If you compile with optimization disabled, gcc will reserve stack slots for locals so char * b = a; makes gcc adjust RSP by more on function entry, so that's why your hack happens to change gcc's code-gen to match the hard-coded +7 (times 8 bytes) offset you put in the source.

On entry to _start, the stack contents are: argc at (%rsp), argv[] starting at 8(%rsp). Above the terminating NULL pointer for argv[], the envp[] array is also in stack memory. So that's why you get CLUTTER_IM_MODULE=xim when your hard-coded offset gets the wrong stack slot.

// in absence of main() argc seems to be placed in rsi register

That's probably left over from the dynamic linker (which runs in your process before _start). If you compiled with gcc -static -nostdlib -fno-pie, your _start would be the real process entry point reached directly from the kernel, with all registers = 0 (except RSP). Note that the ABI says undefined; Linux chooses to zero them to avoid information leaks.

You can write a void _start(){} in GNU C that works reliably with and without optimization enabled, and works for the right reasons, with no inline asm (but still dependent on the x86-64 SysV ABI's calling convention and process-entry stack layout). No hard-coding of offsets that happen to occur in gcc's code-gen is needed. How Get arguments value using inline assembly in C without Glibc?. It uses stuff like int argc = (int)__builtin_return_address(0); because _start isn't a function: the first thing on the stack is argc rather than a return address. It's not pretty and not recommended, but given the calling convention that's how you can get gcc to generate code that knows where things are.

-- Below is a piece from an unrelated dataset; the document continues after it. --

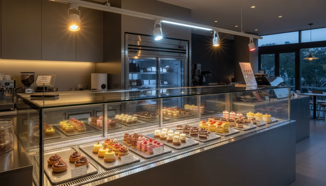 1. 보급형 기성 브랜드 (K사, U사): 초기 비용은 저렴하지만, 투박한 디자인과 조명, 건조해지는 문제로 디저트의 가치를 떨어뜨릴 위험이 있음.

Your code clobbers registers without telling the compiler about it. Everything about this code is nasty, and there's no reason to expect any of it to work consistently. And if it does, it's by chance and could will break with different surrounding code or compiler options. If you want to write whole functions, do it in stand-alone asm (or in inline asm at global scope) and declare a C prototype so the compiler can call it.

Look at gcc's asm output to see what it generated around your code. (e.g. put your code on http://godbolt.org/). You'll probably see it using registers that you clobbered in your asm. (Unless you compiled with optimization disabled, in which case it doesn't keep anything in registers between C statements to support consistent debugging. Only clobbering RSP or RBP would cause problems; other inline asm clobber bugs would go undetected.) But clobbering the red zone would still be a problem.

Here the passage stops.